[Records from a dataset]
◆ ◆ ◆ ◆

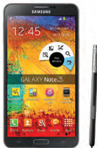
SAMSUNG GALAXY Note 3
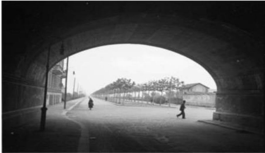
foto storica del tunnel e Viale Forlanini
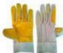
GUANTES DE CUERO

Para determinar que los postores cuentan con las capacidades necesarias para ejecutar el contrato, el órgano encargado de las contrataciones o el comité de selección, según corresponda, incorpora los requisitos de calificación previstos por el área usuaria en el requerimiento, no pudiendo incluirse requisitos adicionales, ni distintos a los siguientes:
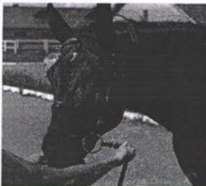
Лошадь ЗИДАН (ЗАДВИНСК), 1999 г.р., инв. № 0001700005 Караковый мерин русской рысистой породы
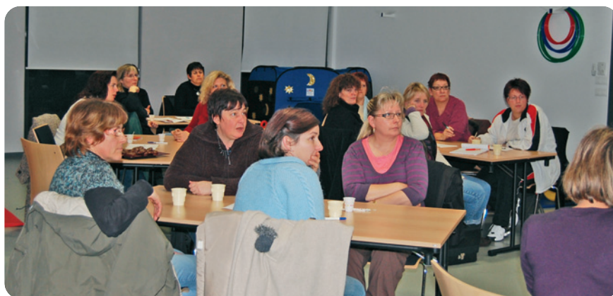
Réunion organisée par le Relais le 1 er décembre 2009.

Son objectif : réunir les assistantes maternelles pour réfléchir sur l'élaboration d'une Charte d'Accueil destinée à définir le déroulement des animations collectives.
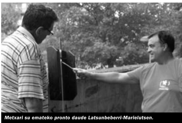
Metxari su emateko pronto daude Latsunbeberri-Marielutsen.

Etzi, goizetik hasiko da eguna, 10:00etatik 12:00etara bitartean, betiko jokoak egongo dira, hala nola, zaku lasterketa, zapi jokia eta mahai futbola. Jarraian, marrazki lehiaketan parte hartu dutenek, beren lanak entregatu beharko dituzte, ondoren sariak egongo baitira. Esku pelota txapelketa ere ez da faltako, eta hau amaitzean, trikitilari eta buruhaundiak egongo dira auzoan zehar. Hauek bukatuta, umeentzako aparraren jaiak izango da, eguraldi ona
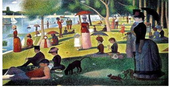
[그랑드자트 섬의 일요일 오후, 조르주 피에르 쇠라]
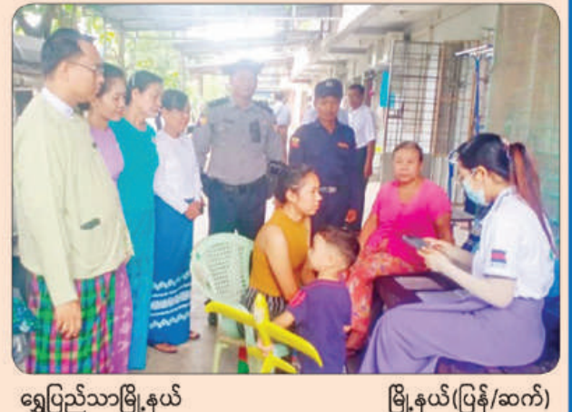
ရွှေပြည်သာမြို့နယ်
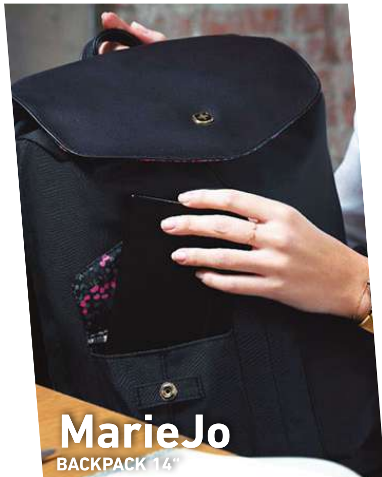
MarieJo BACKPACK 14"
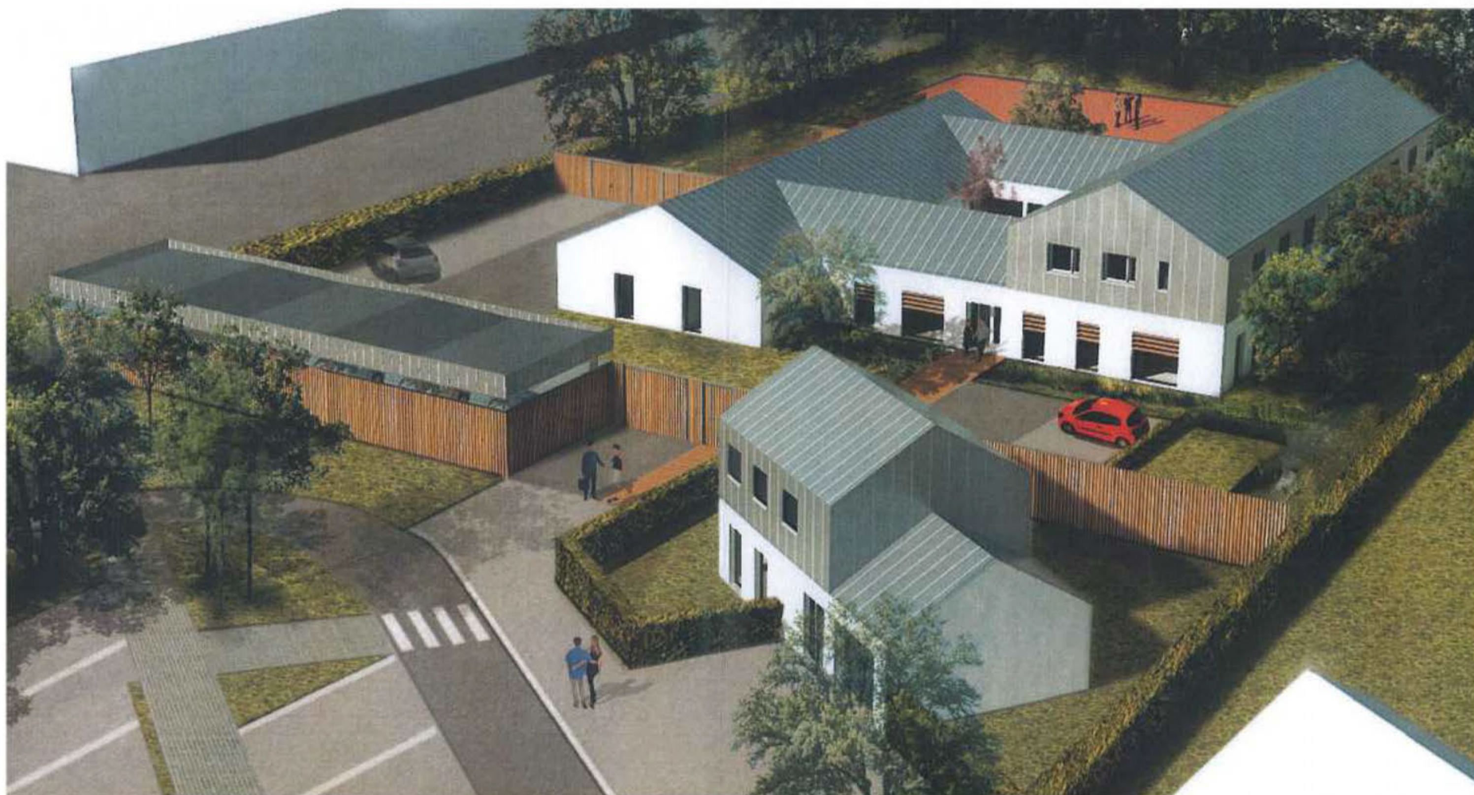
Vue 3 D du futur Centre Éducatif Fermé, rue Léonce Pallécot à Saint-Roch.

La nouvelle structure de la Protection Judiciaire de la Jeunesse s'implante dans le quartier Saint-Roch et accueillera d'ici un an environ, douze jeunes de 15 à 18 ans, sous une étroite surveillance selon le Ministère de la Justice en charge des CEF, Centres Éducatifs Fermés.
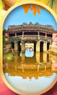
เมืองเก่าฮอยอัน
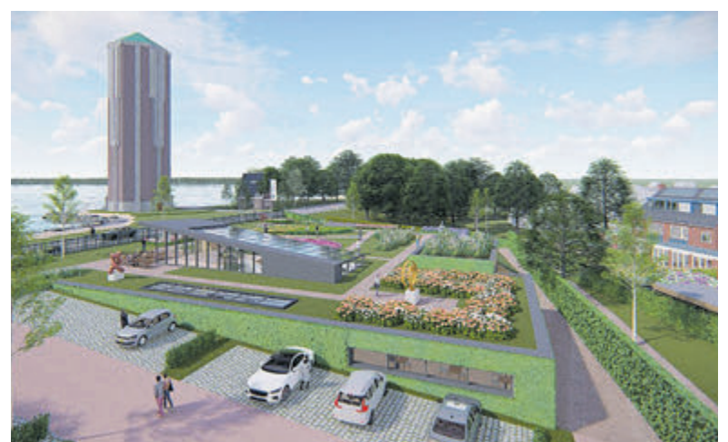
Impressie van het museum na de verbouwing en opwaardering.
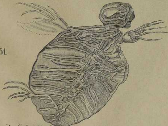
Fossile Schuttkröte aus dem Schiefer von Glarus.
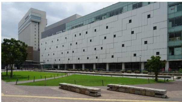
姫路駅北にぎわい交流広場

◆ ◆ ◆ ◆

## Task description
Every record above must be printed exactly, except for its images.

## Answer space
SAMSUNG GALAXY Note 3
foto storica del tunnel e Viale Forlanini
GUANTES DE CUERO

Para determinar que los postores cuentan con las capacidades necesarias para ejecutar el contrato, el órgano encargado de las contrataciones o el comité de selección, según corresponda, incorpora los requisitos de calificación previstos por el área usuaria en el requerimiento, no pudiendo incluirse requisitos adicionales, ni distintos a los siguientes:
Лошадь ЗИДАН (ЗАДВИНСК), 1999 г.р., инв. № 0001700005 Караковый мерин русской рысистой породы
Réunion organisée par le Relais le 1 er décembre 2009.

Son objectif : réunir les assistantes maternelles pour réfléchir sur l'élaboration d'une Charte d'Accueil destinée à définir le déroulement des animations collectives.
Metxari su emateko pronto daude Latsunbeberri-Marielutsen.

Etzi, goizetik hasiko da eguna, 10:00etatik 12:00etara bitartean, betiko jokoak egongo dira, hala nola, zaku lasterketa, zapi jokia eta mahai futbola. Jarraian, marrazki lehiaketan parte hartu dutenek, beren lanak entregatu beharko dituzte, ondoren sariak egongo baitira. Esku pelota txapelketa ere ez da faltako, eta hau amaitzean, trikitilari eta buruhaundiak egongo dira auzoan zehar. Hauek bukatuta, umeentzako aparraren jaiak izango da, eguraldi ona
[그랑드자트 섬의 일요일 오후, 조르주 피에르 쇠라]
ရွှေပြည်သာမြို့နယ်
MarieJo BACKPACK 14"
Vue 3 D du futur Centre Éducatif Fermé, rue Léonce Pallécot à Saint-Roch.

La nouvelle structure de la Protection Judiciaire de la Jeunesse s'implante dans le quartier Saint-Roch et accueillera d'ici un an environ, douze jeunes de 15 à 18 ans, sous une étroite surveillance selon le Ministère de la Justice en charge des CEF, Centres Éducatifs Fermés.
เมืองเก่าฮอยอัน
Impressie van het museum na de verbouwing en opwaardering.
Fossile Schuttkröte aus dem Schiefer von Glarus.
姫路駅北にぎわい交流広場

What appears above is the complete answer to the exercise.